Australia releases inflation data and PPI this week, but the focus is going to remain on the virus situation domestically, and sentiment internationally.
No significant data from New Zealand and no market reaction to the suspension of the Australia/New Zealand travel bubble, as this was well telegraphed already.
Japanese stocks are gyrating wildly on swings in risk sentiment internationally, reflecting the heavy presence of retail fast money inthe Japan market. We expect this volatility to continue with only PMI releases to start the week. Japan releases Unemployment, Retail Sales and Industrial Production on Friday with domestic consumption set to ease as Covid restrictions continue.
USD/JPY has dissolved into a purely US/Japan interest rate differential play for now, and we expect that to continue next week, with USD/JPY remaining in a wider 109.50 to 111.00 range.
Key Economic Events
Sunday, July 25
- US Deputy Secretary of State Sherman meets with Chinese State Councilor and Foreign Minister Wang Yi in Tianjin, China
- Russian President Putin attends the annual Navy parade in St. Petersburg.
Monday, July 26
- Iraqi Prime Minister al-Kadhimi meets US President Biden
- EU finance ministers review the implementation of the Recovery and Resilience Facility, before assessing the European Commission’s new anti-money laundering package.
- US new home sales
- New Zealand trade
- Japan PMI
- Germany IFO business climate/expectations
- Mexico Unemployment rate
- Singapore industrial production
- Turkey capacity utilization
- Belgium business confidence
- Tesla Earnings (could provide guidance on Bitcoin action)
Tuesday, July 27
- RBA Deputy Governor Debelle, speaks at an online US foreign-exchange conference.
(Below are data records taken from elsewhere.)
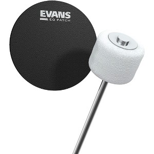These EVANS EQ bass drum patch comes in black or clear. The clear patch strengthens the head without affecting attack, sustain or low end. The black version softens attack slightly.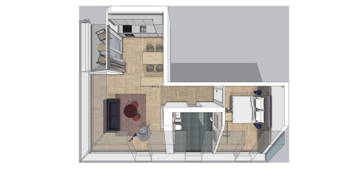 La modernidad se une a la tradición es el lema de este apartamento. ¡La mezcla de estilos de diferentes épocas es lo que hace que este estudio tenga un encanto especial! ¡Ideal para parejas! Hay 26 m² de espacio habitable disponible. El estudio está ubicado en un antiguo pabellón de caza en el Tiroler Zugspitzarena. Desde el palacio se tiene una vista increíble del macizo del Zugspitze.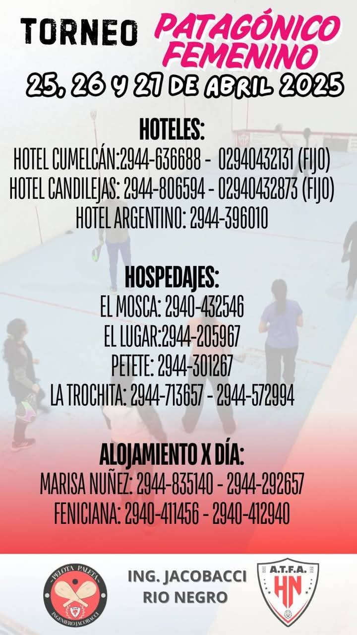 Gran torneo en Ingeniero Jacobacci los días 25, 26 y 27 de abril. Este torneo tiene como objetivo principal promover el desarrollo y la visibilidad de la pelota paleta femenina en la región, ofreciendo un espacio de competencia y camaradería para jugadoras de diversos clubes de la Patagonia.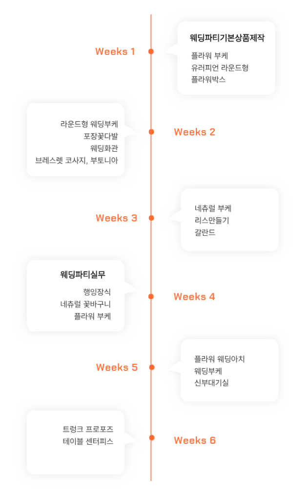 웨딩의 필수 요소인 다양한 형태의 부케, 코사지, 화관 제작법을 통해 고품격 웨딩 소품과 최신 트렌드를 반영한 상품 기획력을 함께 배양합니다.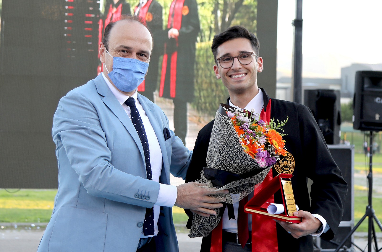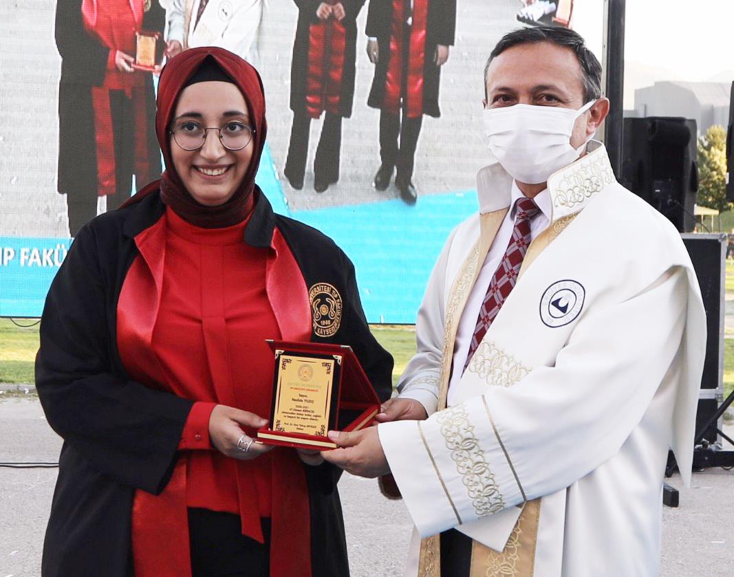 Konuşmasında öğrencilere de seslenen Rektörümüz, sözlerini şöyle sürdürdü: “Türkiye’nin en saygın üniversitelerinden birinden, en saygın mesleğin mensupları olarak mezun oluyorsunuz. Üniversite yönetimi olarak, eğitim ve araştırma olanaklarınızı en üst düzeye çıkarmak, her türlü sosyal, kültürel ve bilimsel faaliyetlerinizde yanınızda olmak için eğitim süreniz boyunca gayret ettik. Sizleri, yenilikçi, milli ve ahlaki değerleri ön planda tutan, insanlığın temel değerlerine duyarlı, mesleki sorumluluklarını başarıyla yerine getirebilen, ulusal ve uluslararası düzeyde istihdam edilebilir yüksek nitelikli bireyler olarak yetiştirmek için gayret gösterdik. Artık eğitimlerinizi tamamlayarak birer hekim olarak buradan mezun oluyorsunuz. Öncelikle ailenizin ve hocalarınızın sizlere verdiği emeği, gayreti boşa çıkarmayın. Çok çalışın, gayret edin, zorluklar karşısında yılmayın ve hiçbir ayrımda bulunmadan insanlara en iyi şekilde sağlık hizmeti verin.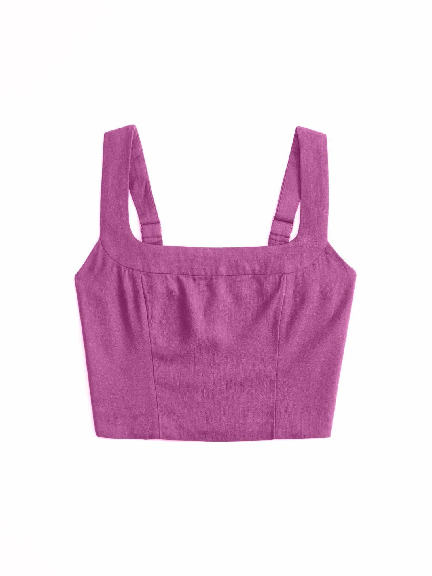 The cropped top features a defined hem and square neckline, allowing for simple pairing or solo wear in warmer conditions.

- US Secretary of State Blinken.to meet India’s Prime Minister Modi, National Security Advisor Doval and Foreign Minister Jaishankar
- IMF releases its World Economic Outlook Update.
- Apple and Alphabet report after the close
- Japan PPI services
- China industrial profits
- Hungary Rate decisions: Expected to raise rates 15 bps to 1.05%
- U.S. durable goods, Conf. Board consumer confidence, FHFA house price index
- Denmark retail sales
- Sweden trade balance, household lending
Wednesday, July 28
- US Defense Secretary Austin to meet Vietnamese Minister of National Defense Phan Van Giang.